In drug discovery and development, hub organoids serve as platforms for screening new therapeutic compounds. These integrated models predict drug efficacy and toxicity across multiple tissues, offering a more holistic view than traditional single-cell or single-organ models. This helps reduce reliance on animal testing, providing a more relevant preclinical assessment. For example, hub tumor organoids mirror original tumor properties, making them valuable for drug screens and predicting patient response.
Hub organoids are also transforming personalized medicine by enabling patient-specific models. By deriving organoids from a patient’s own tissues, researchers can create “mini-organs in a dish” that preserve unique genetic and phenotypic characteristics. This allows for testing various treatments on a patient’s own cells, predicting individual responses and tailoring treatment plans. This individualized approach helps determine which patients will respond to specific treatments, particularly in oncology.
Hub organoids provide insights into human development, especially for complex developmental processes and congenital conditions involving multi-organ interactions. They allow scientists to observe how different tissues develop, identifying mechanisms that govern organ formation and inter-organ communication. This understanding can lead to new strategies for addressing developmental disorders and regenerative medicine.
Advancing Organoid Technology
Ongoing research aims to improve the long-term viability of hub organoids, which is important for studying chronic diseases and developmental processes. Ensuring a stable microenvironment and sustained nutrient supply are focus areas.
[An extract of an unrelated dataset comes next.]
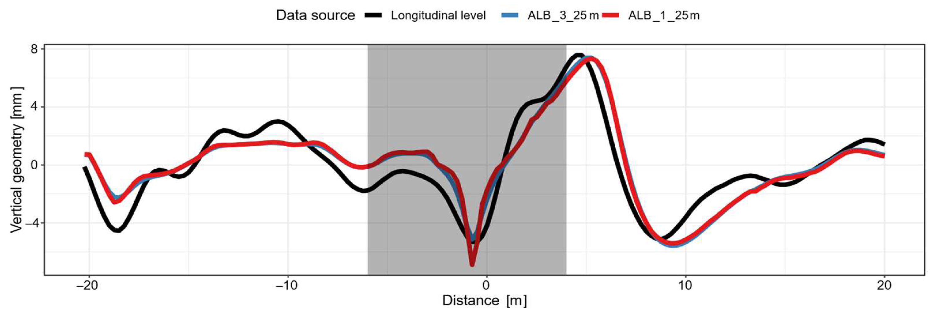 The red line represents the double-integrated acceleration data, including wavelengths from 1 to 25 m. Due to the inclusion of shorter wavelengths, a deeper peak is depicted in the data. This peak corresponds to the short-wave wheel drop in the frog area and is not detectable in the longitudinal level as it includes longer wavelengths only. The use of double-integrated axle box accelerations therefore adds additional information that can be used for evaluation. However, the results are affected by the wavelength range chosen. This is illustrated in
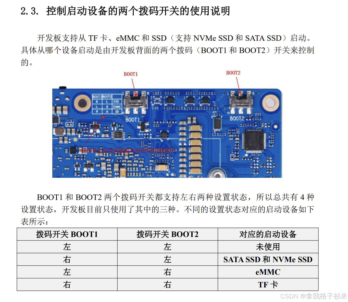 由于开发板的系统是使用TF卡启动,所以开发板背部的boot按钮,应该都拨到右侧。

Researchers also work to enhance the functional maturation of these models, allowing them to more closely mimic adult organ functions.
Introducing vascularization is an objective to improve nutrient and waste exchange within larger hub organoids. Without a functional blood vessel network, organoids larger than 200-400 micrometers can suffer from limited oxygen and nutrient diffusion, leading to cell death. Strategies include co-culturing organoids with endothelial cells, directing stem cells to form vascularized organoids, or fusing pre-formed vascular spheroids with organoid components.
Integrating immune cells into hub organoids is another area of advancement, as immune responses play a substantial role in many diseases, including cancer and infectious conditions. Co-culturing tumor organoids with immune cells (e.g., T cells, macrophages, NK cells, B cells) allows for the study of immuno-oncology drug development and checkpoint inhibitors. This helps understand how the immune system interacts with diseased tissues and how immunotherapies might work.
The push towards creating more complex “organ-on-a-chip” or “human-on-a-chip” systems involves connecting multiple interacting hub organoids within a microfluidic platform. These systems can simulate systemic interactions between different organs, such as the liver-pancreas axis for metabolic studies, or the gut-brain axis. Standardized protocols for reproducibility are also being developed to ensure consistent and reliable research findings.